5. O apoio do grande capital ucraniano ao Euromaidan, incluindo o lado nazista. Os maios proprietários e oligarcas foram clientes, patrocinadores e os principais beneficiários do Euromaidan. O fato de que os oligarcas-capitalistas, tal como Igor Kolomoisky, Petro Poroshenko, Dmitry Firtash, Sergei Taruta e, em meno grau, Rinat Akhmetov, alocaram recursos para o Euromaidan, e varreu o movimento para a mídia que controlam. Quando o Euromaidan triunfou, aqueles que antes governaram o país indiretamente, por meio da administração de Yanukovich, receberam controle direto, incluindo como governadores de áreas importantes, e o oligarca Petro Poroshenko se tornou Presidente.
Portanto, a chegada de forças abertamente fascistas ao poder, bem como a transição de direitistas “comuns” (como Poroshenko e Yatsenyuk) a posições fascistas era previsível e em certo grau natural no desenvolvimento global da crise econômica.
Enquanto as forças fascistas estavam preparadas para o desenvolvimento da crise ucraniana, nossas forças de resistência não estavam.

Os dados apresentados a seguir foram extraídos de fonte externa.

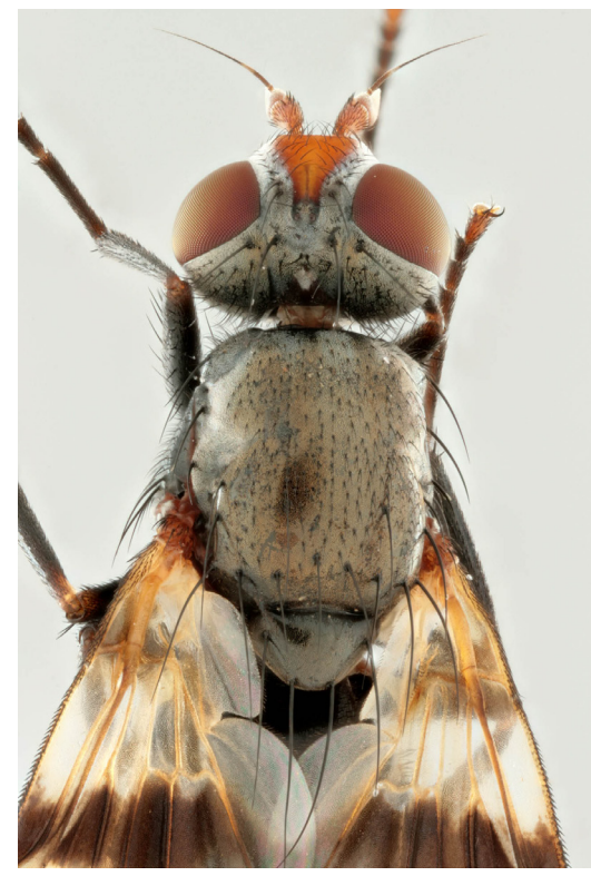
Head and thorax - dorsal view

Depois da tomada de poder pelo golpe de direita em fevereiro de 2014, um movimento de protesto semi-casual começou a emergir, principalmente no sudeste do país. Primeiramente, os slogans eram muito modestos, exigindo somente um pequeno nível de autonomia do governo central de Kiev, que obteve mais e mais um caráter fascista. Assim que o regime consolidou seu poder, Kiev aumentou a pressão no sudeste com a ajuda de ataques paramilitares de grupos neonazistas, o que levou à radicalização da resistência. No final, isso resultou em uma revolta de sucesso em Donetsk e Lugans, e em levantes derrotados em Odessa e na Carcóvia.

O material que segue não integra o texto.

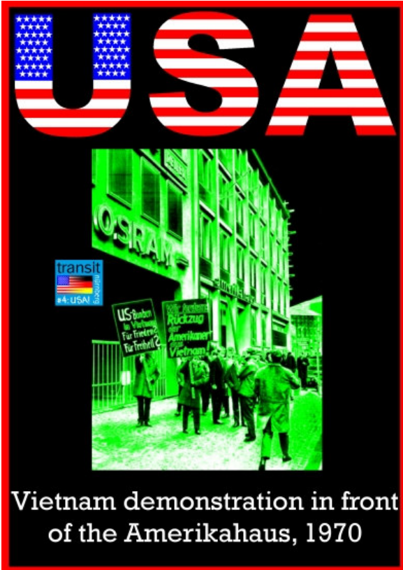
Vietnam demonstration in front of the Amerikahaus, 1970

Devido à fragmentação das forças de resistência, não houve uma ideologia coerente ou um objetivo comum nos levantes. No entanto, a orientação geral antifascista e antioligárquica era saudável, e claramente demonstra a composição de classe proletária e semi-proletária da resistência.
Hoje, o regime fascista em Kiev está imensamente fortalecido pelo país, com exceção nos territórios controlados pelos Repúblicas Populares de Donetsk e Lugansk. O terror e a intimidação extinguiram a resistência de rua ao regime. Hoje existem provavelmente milhares de prisioneiros políticos na Ucrânia. Há censura na mídia. A “propaganda comunista” está oficialmente banida. Grupos militantes de ultradireita estão legalizados e integrados às fileiras da segurança.
Nestas condições, os grupos de resistência, incluindo nossa organização, são forçados a trabalhar clandestinamente, e nossos camaradas enfrentam não só acusações de “propagar o comunismo” (5 anos ou mais na prisão), mas também de “terrorismo” (prisão de 8 a 15 anos).
No entanto, a resistência está viva. E não só nas Repúblicas Populares.
Nós acreditamos que a Ucrânia será livre, e será socialista.